→ PROBLEM DESCRIPTION: Return the run of lines below that opens with the line containing "Plus, swift delivery" and closes with the line containing "Figure 8. Tebuk", keeping each one exact.

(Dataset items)
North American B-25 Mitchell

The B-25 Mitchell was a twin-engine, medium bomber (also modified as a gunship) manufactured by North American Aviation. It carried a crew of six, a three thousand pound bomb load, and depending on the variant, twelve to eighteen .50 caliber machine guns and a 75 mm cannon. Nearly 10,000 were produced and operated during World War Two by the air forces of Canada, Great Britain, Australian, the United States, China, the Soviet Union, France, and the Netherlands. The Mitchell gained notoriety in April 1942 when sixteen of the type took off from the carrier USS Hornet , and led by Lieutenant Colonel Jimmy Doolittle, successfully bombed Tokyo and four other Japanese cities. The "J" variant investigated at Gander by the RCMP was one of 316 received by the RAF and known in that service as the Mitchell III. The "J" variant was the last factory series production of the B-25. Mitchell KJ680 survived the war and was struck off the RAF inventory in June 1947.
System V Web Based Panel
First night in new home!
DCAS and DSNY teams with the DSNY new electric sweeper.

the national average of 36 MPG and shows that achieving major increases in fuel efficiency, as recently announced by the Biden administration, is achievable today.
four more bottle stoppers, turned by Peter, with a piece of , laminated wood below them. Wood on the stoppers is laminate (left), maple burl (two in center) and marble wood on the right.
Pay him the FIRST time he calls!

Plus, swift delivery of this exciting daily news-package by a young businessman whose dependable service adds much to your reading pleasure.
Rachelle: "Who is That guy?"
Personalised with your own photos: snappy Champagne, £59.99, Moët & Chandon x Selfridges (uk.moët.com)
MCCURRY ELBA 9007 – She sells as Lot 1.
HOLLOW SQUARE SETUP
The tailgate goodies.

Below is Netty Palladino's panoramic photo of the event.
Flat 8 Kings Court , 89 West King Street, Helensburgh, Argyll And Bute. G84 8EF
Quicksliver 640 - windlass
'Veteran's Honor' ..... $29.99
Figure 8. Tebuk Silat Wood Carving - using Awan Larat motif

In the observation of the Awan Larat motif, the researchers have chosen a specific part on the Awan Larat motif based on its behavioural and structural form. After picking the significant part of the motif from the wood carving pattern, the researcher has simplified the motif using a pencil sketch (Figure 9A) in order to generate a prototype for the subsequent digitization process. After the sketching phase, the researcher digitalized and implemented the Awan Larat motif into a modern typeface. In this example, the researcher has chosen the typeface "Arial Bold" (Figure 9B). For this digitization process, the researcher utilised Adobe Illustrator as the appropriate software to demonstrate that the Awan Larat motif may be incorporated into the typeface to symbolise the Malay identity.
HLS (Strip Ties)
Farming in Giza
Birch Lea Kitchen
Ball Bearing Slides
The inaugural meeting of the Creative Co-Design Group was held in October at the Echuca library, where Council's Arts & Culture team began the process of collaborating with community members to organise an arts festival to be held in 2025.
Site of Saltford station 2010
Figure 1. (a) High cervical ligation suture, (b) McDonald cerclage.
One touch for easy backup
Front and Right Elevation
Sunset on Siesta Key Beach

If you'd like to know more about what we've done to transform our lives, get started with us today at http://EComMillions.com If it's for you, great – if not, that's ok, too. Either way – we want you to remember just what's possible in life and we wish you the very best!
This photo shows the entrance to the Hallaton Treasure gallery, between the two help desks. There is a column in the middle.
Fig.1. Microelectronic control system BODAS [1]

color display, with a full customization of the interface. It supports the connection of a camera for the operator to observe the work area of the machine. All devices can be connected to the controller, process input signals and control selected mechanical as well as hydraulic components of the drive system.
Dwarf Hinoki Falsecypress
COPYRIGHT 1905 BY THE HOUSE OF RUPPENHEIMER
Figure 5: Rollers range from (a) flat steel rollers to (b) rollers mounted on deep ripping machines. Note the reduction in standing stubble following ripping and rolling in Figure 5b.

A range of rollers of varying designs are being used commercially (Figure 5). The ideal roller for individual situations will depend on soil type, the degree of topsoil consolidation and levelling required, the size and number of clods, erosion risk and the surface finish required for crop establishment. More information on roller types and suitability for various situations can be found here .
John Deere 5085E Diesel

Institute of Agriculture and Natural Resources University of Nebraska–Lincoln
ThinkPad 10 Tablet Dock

→ EXERCISE OUTPUT:
Plus, swift delivery of this exciting daily news-package by a young businessman whose dependable service adds much to your reading pleasure.
Rachelle: "Who is That guy?"
Personalised with your own photos: snappy Champagne, £59.99, Moët & Chandon x Selfridges (uk.moët.com)
MCCURRY ELBA 9007 – She sells as Lot 1.
HOLLOW SQUARE SETUP
The tailgate goodies.

Below is Netty Palladino's panoramic photo of the event.
Flat 8 Kings Court , 89 West King Street, Helensburgh, Argyll And Bute. G84 8EF
Quicksliver 640 - windlass
'Veteran's Honor' ..... $29.99
Figure 8. Tebuk Silat Wood Carving - using Awan Larat motif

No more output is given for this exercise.